İnsan kendisini beğenmezse çatlarmış!
Sanırım bu kadarı da, insana pes dedirtecek cinsten.
Medyanın reyting uğruna efsaneleştirmeye kalktığı beyinler bile, uzmanlık konuları siyaset olmamasına, siyasetin “s”sini bile bilmemelerine rağmen, siyaset arenasında başrollere soyunma saçmalığı içine giriyorlar.
Mevcut 27 partiden söz ediliyor.
Allah’tan bu partilerden bazıları seçime katılmama akılcılığını ve gerçekçiliğini gösterdi!
Kamuoyu bu partilerden hangisini biliyor?
Hangi partide kim genel başkan, bilen var mı?
Siyaset ciddi, aynı zamanda sorumluluk isteyen bir uğraş.
Bir ülkenin ve o ülkede yaşayan milyonlarca insanın geleceği sizin beceri ya da beceriksizliğiniz yüzünden ya yücelecek ya da krizden krize sürüklenecek.
Bilmediğini ya da bir işi beceremeyeceğini bilmek kadar güzel bir erdem olamaz.
Bilmediği ve beceremeyeceği halde, bir maceraya yelken açanlar, belki bir biçimde, bir yerlere gelebiliyor hatta birilerince, vatan kurtaran aslan gibi halka sunularak ülkenin ve ülke insanının kaderiyle oynanabiliyor.
Türkiye yıllar boyu, koltuk kavgası yüzünden, krizden krize sürüklendi.
Ülke 70 sente muhtaç durumlara düştü, uluslar arası arenada parası pul, itibarı sıfır oldu.
Böylesine rezil bir siyaset anlayışına sahip onca siyasetçi, siyaset sahnesinde kalabildi.
Beceriksizlikleri, özellikle de yetersizlikleri ve yanlış politikaları yüzünden, bu milletin, bir sürü yanlışa imza atmış siyasi liderlerin kuyruğuna takılmalarına ve bunu inadına sürdürmeleri bir yana, onları kahraman ilan edip, hala arkalarından ağıtlar yakmalarına hep şaşarım!

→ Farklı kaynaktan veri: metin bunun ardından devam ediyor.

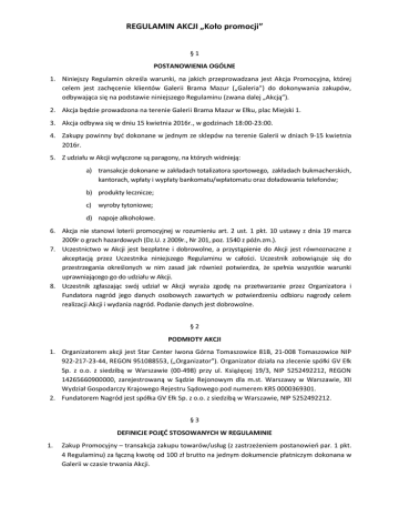REGULAMIN AKCJI „Koło promocji” §1 POSTANOWIENIA OGÓLNE 1. Niniejszy Regulamin określa warunki, na jakich przeprowadzana jest Akcja Promocyjna, której celem jest zachęcenie klientów Galerii Brama Mazur („Galeria”) do dokonywania zakupów, odbywająca się na podstawie niniejszego Regulaminu (zwana dalej „Akcją”). 2. Akcja będzie prowadzona na terenie Galerii Brama Mazur w Ełku, plac Miejski 1. 3. Akcja odbywa się w dniu 15 kwietnia 2016r., w godzinach 18:00-23:00. 4. Zakupy powinny być dokonane w jednym ze sklepów na terenie Galerii w dniach 9-15 kwietnia 2016r. 5. Z udziału w Akcji wyłączone są paragony, na których widnieją: a) transakcje dokonane w zakładach totalizatora sportowego, zakładach bukmacherskich, kantorach, wpłaty i wypłaty bankomatu/wpłatomatu oraz doładowania telefonów; b) produkty lecznicze; c) wyroby tytoniowe; d) napoje alkoholowe. 6. Akcja nie stanowi loterii promocyjnej w rozumieniu art. 2 ust. 1 pkt. 10 ustawy z dnia 19 marca 2009r o grach hazardowych (Dz.U. z 2009r., Nr 201, poz. 1540 z późn.zm.). 7. Uczestnictwo w Akcji jest bezpłatne i dobrowolne, a przystąpienie do Akcji jest równoznaczne z akceptacją przez Uczestnika niniejszego Regulaminu w całości. Uczestnik zobowiązuje się do przestrzegania określonych w nim zasad jak również potwierdza, że spełnia wszystkie warunki uprawniającego go do udziału w Akcji. 8. Uczestnik zgłaszając swój udział w Akcji wyraża zgodę na przetwarzanie przez Organizatora i Fundatora nagród jego danych osobowych zawartych w potwierdzeniu odbioru nagrody celem realizacji Akcji i wydania nagród. Podanie danych jest dobrowolne. §2 PODMIOTY AKCJI 1. Organizatorem akcji jest Star Center Iwona Górna Tomaszowice 81B, 21-008 Tomaszowice NIP 922-217-23-44, REGON 951088553, („Organizator”). Organizator działa na zlecenie spółki GV Ełk Sp. z o.o. z siedzibą w Warszawie (00-498) przy ul. Książęcej 19/3, NIP 5252492212, REGON 14265660900000, zarejestrowaną w Sądzie Rejonowym dla m.st. Warszawy w Warszawie, XII Wydział Gospodarczy Krajowego Rejestru Sądowego pod numerem KRS 0000369301. 2. Fundatorem Nagród jest spółka GV Ełk Sp. z o.o. z siedzibą w Warszawie, NIP 5252492212. §3 DEFINICJE POJĘĆ STOSOWANYCH W REGULAMINIE 1. Zakup Promocyjny – transakcja zakupu towarów/usług (z zastrzeżeniem postanowień par. 1 pkt. 4 Regulaminu) za łączną kwotę od 100 zł brutto na jednym dokumencie płatniczym dokonana w Galerii w czasie trwania Akcji. 2. Uczestnik Promocji - Pełnoletnia osoba fizyczna posiadająca pełną zdolność do czynności prawnych. W Akcji nie mogą brać udziału pracownicy i/lub przedstawiciele Organizatora, podmioty mające podpisane umowy i świadczące usługi w siedzibie Organizatora oraz inne podmioty bezpośrednio zaangażowane w przeprowadzenie Akcji, pracownicy zarządcy lub właściciela Galerii, pracownicy najemców Galerii, jak również pracownicy ochrony i serwisu sprzątającego Galerii. Pracownikiem w rozumieniu Regulaminu jest zarówno osoba zatrudniona na podstawie umowy o pracę jak i osoba współpracująca na podstawie umowy cywilnoprawnej. 3. Punkt Obsługi Akcji - punkt wydawania nagród. 4. Koło promocji – koło z podziałem na sześć pól, na których są zaznaczone nagrody wg podziału opisanego w punkcie nr 5 niniejszego paragrafu. Wybór nagrody następuje według wskazania koła. 5. Nagroda – nagroda rzeczowa w postaci jednej z 88 nagród, którą Uczestnik może otrzymać, biorąc udział w Akcji. Nagrody w szczególności: a. Bilety do kina (24 sztuk) w cenie 15 zł brutto każdy b. Sprzęt Euro RTV AGD (10 sztuk) średnia wartość każdego sprzętu 150 zł brutto, w szczególności: Brytfanna ENED – 1 sztuka; wartość: 149,99 zł brutto Zestaw 5 noży w bloku – 2 sztuki; wartość jednej sztuki 146,34 zł brutto Suszarka do włosów REMINGTOB- 1 sztuka; wartość: 89,99 zł brutto Maszynka do włosów – 1 sztuka; wartość 119,99 zł brutto Blender ręczny – 1 sztuka; wartość 149,99 zł brutto Mikser z misą – 1 sztuka; wartość 149,99 zł brutto Czajnik Inox – 1 sztuka; wartość 169,99 zł brutto Czajnik szklany – 1 sztuka; wartość 129,99 zł brutto Komplet noży – 1 sztuka; wartość 129,99 zł brutto c. Vouchery na deser Wymarzone lody (10 sztuk) 10 zł brutto każdy d. Karty podarunkowe Empik (5 sztuk) 50 zł brutto każda e. Karty podarunkowe JYSK (5 sztuk) 50 zł brutto każda f. Torby ekologiczne z logo Bramy Mazur 34 sztuk – jako upominek promocyjny §4 ZASADY AKCJI 1. Za jeden dowód zakupu dokumentujący Zakup Promocyjny przyznawana jest jedna Nagroda. 2. Uczestnik, aby dokonać wyboru nagrody, kręci kołem promocji. Uczestnik otrzymuje Nagrodę wskazaną przez koło nagród. 3. Wielokrotność kwoty 100 zł brutto, na jednym dokumencie zakupu nie uprawnia Uczestnika Promocji do otrzymania kolejnej nagrody. 4. Nagrody będą wydawane przez Punkt Obsługi Akcji zlokalizowany na terenie Galerii. 5. Osoba obsługująca Punkt Obsługi Akcji opieczętuje dowód zakup, na jego odwrocie, na podstawie którego wyda Nagrodę. Opieczętowany dowód zakupu nie uprawnia do ponownego otrzymania Nagrody. Uczestnik jest zobowiązany zachować dowód zakupu w trakcie trwania Promocji. 6. Pula Nagród jest ograniczona. W przypadku wyczerpania się zapasów niektórych nagród, wówczas Uczestnik kręci kołem aż do skutku, aż koło wskaże nagrodę, której zapasy jeszcze są dostępne. W sytuacji wyczerpania się wszystkich nagród, Uczestnikowi nie przysługują żadne roszczenia w stosunku do Organizatora, jeśli pula Nagród zostanie wyczerpana. 7. Uczestnik może wziąć udział w Promocji wielokrotnie pod warunkiem każdorazowego spełnienia warunków określonych w niniejszym Regulaminie. 8. Po dokonaniu zakupu w terminie trwania Akcji Uczestnik powinien udać się do punktu obsługi akcji w czasie odbywania się Akcji określonego w paragrafie 1, punkt 3, gdzie wydawane są na
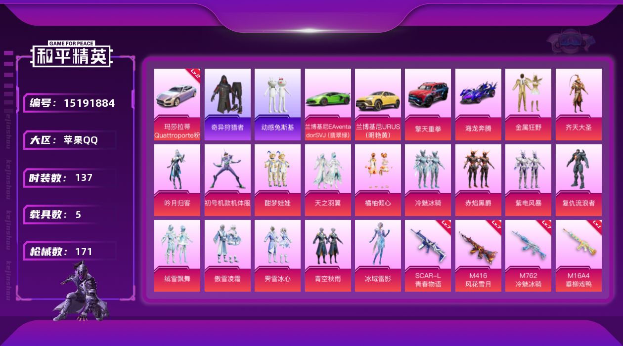 [15191884]【暑期末清货/特价急出/永久包赔】:苹果 手Q-16粉装-6特效枪-5载具-6.7w热力值-9印记-137套装-171枪皮【稀有载具】:兰博基尼Aventador SVJ(翡翠绿),兰博基尼URUS(明艳黄),玛莎拉蒂Quattroporte(幻星粉),擎天重拳,海龙奔腾【热门品类】:套装-奇异狩猎者,角色-军刀雅典娜,套装-动感兔斯基人偶服【稀有载具等级】:玛莎拉蒂Quattroporte(幻星粉)(二级)【特效枪等级】:M16A4-垂柳戏鸭(一级),SCAR-L-青春物语(七级),M416-风花雪月(七级),M762-冷魅冰骑(七级),Vector-环太平洋(一级),Kar98K-巳巳如意(一级)【优质套装】:粉装-金属狂野,粉装-齐天大圣,粉装-吟月归客,角色-初号机款机体服,粉装-酣梦娃娃,粉装-天之羽翼,粉装-橘柚倾心,粉装-冷魅冰骑,粉装-赤焰黑爵,粉装-紫电风暴,角色-复仇流浪者,粉装-绒雪飘舞,粉装-傲雪凌霜,粉装-霁雪冰心,粉装-青空秋雨,角色-冰域雷影【优质飞行器】:齐天大圣飞行器,天之羽翼飞行器,冠军兔兔飞行器
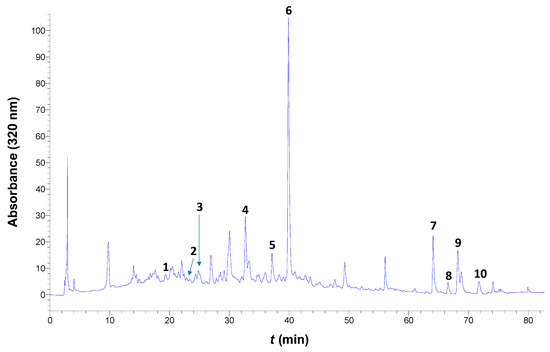 Furthermore, to portray the analytical polyphenolic composition and to spot possible important differences, the extracts were also analyzed by HPLC, leading to ten compounds being tentatively identified (Figure 7). Thus, the distinction of the efficacy of the solvents tested was based on the quantification of these compounds.
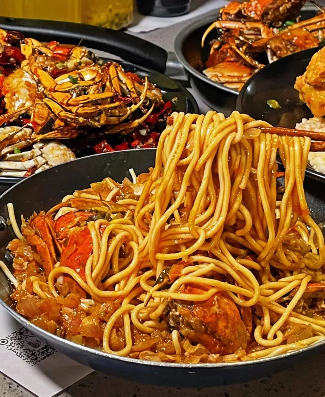 把烧好的蟹脚连汤带汁加入碱水面中,让面条吸饱蟹脚的鲜味,一碗蟹脚面,不仅能吃到香辣的蟹脚,还能“嗦”到筋道入味的蟹汁面,实现“一蟹两吃”。
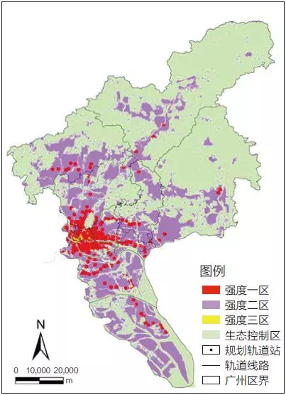 (1)功能、强度等分区控制与指引。广州、深圳等地对城市更新地区分别进行了功能指引与开发强度等的分区控制。例如《广州城市更新总体规划》根据现行控制性详细规划成果与轨道线网规划,将城市用地划分为四类强度控制分区(图 10),作为更新片区与项目单元实施的重要参考 。
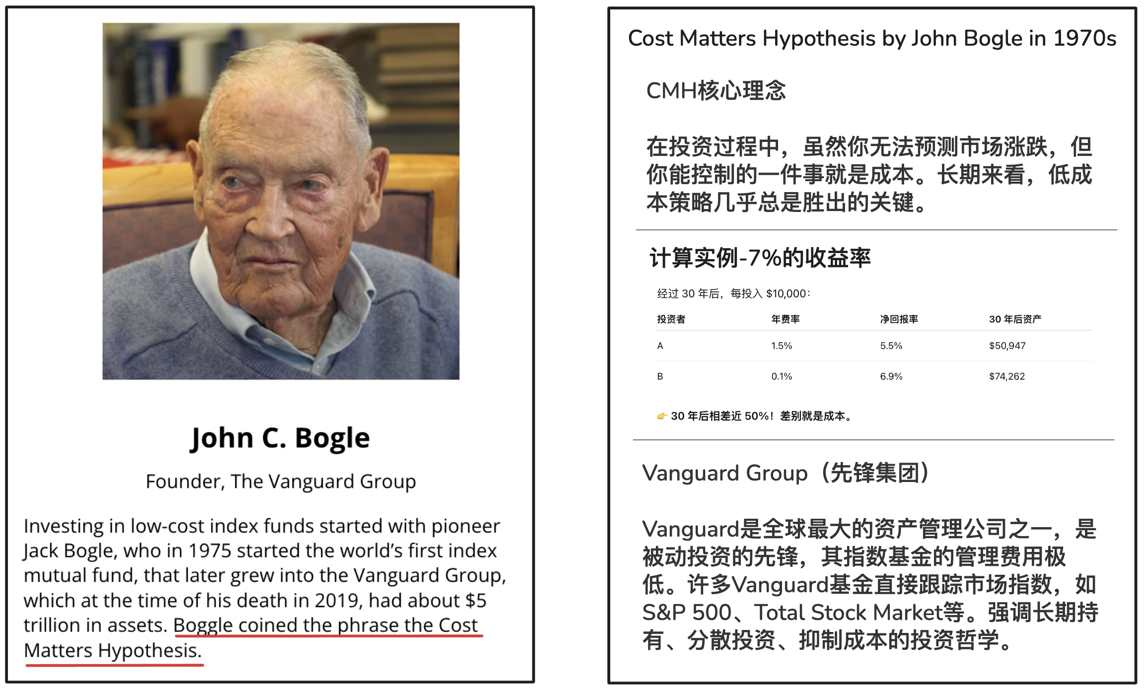 John Bogle在70年代提出的理论,并创建Vanguard Fund (先锋集团投资基金)。
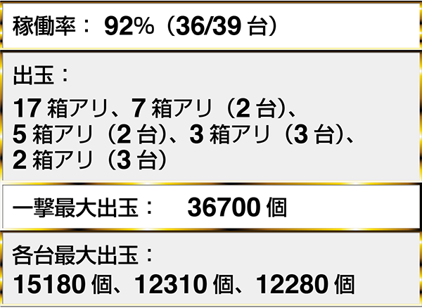 14時の時点で、もっとも多かった一撃獲得出玉は『ぱちんこCR真・北斗無双』の36700個。
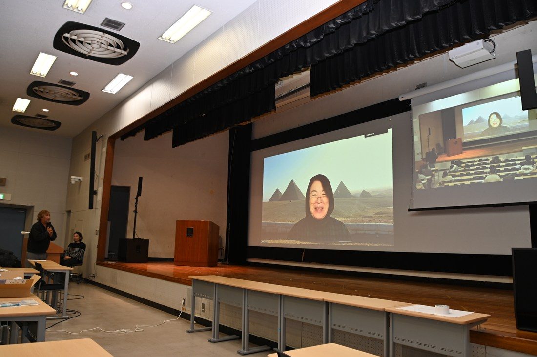 第1部では最初に、岡山県備前市のBIZEN中南米美術館の森下矢須之館長が登壇。同館が力を入れている収蔵品の魅力を来場者に伝える「館長によるサービスガイド」や、多くの収蔵品をまとめて展示する「コンビニ型展示」について説明するとともに、地域と連携したオリジナルのゆるキャラやグッズ開発などの事例を紹介しました。続いて、本学のアンデスコレクションとエジプト中近東コレクションの概要と教育・研究への活用実績について、吉田晃章教授(文学部文明学科)と山花京子教授(文化社会学部アジア学科)がそれぞれ紹介。また、国立民族学博物館の広瀬浩二郎教授が、今後の大学博物館の役割や大学教育のあり方について講演しました。

Bu saçmalığa, gençliğimizde biz de imza atıp, bir siyasetçinin peşine takılıp, dağlara taşlara adını yazmıştık!
Demek ki şaşmamak gerekir.
Yanılmanın da insana mahsus olduğunu kabul etmemiz gerekir ama aynı yanılgıyı bir ömür boyu sürdürmek, hem saçmalık, hem de sorumsuzluğun dik alası!
İşin komik yanı, ne tarihçisi, ne yazarı çizeri, ne de siyaset yorumcusu, özellikle de önemli bir bölümü, bu boş varillerin şiirsel söylemlerine ve olmayacak vaatlerine dayalı gürültüsüne kendilerini kaptırıp, yığınları uyarma gereği duymamaları, bu yalan dolanlarla sarmaş dolaş olmuş şişirme balonlara halkın sarılmasına katkı verme rezilliğini sergilemeleri akıl alacak gibi değil!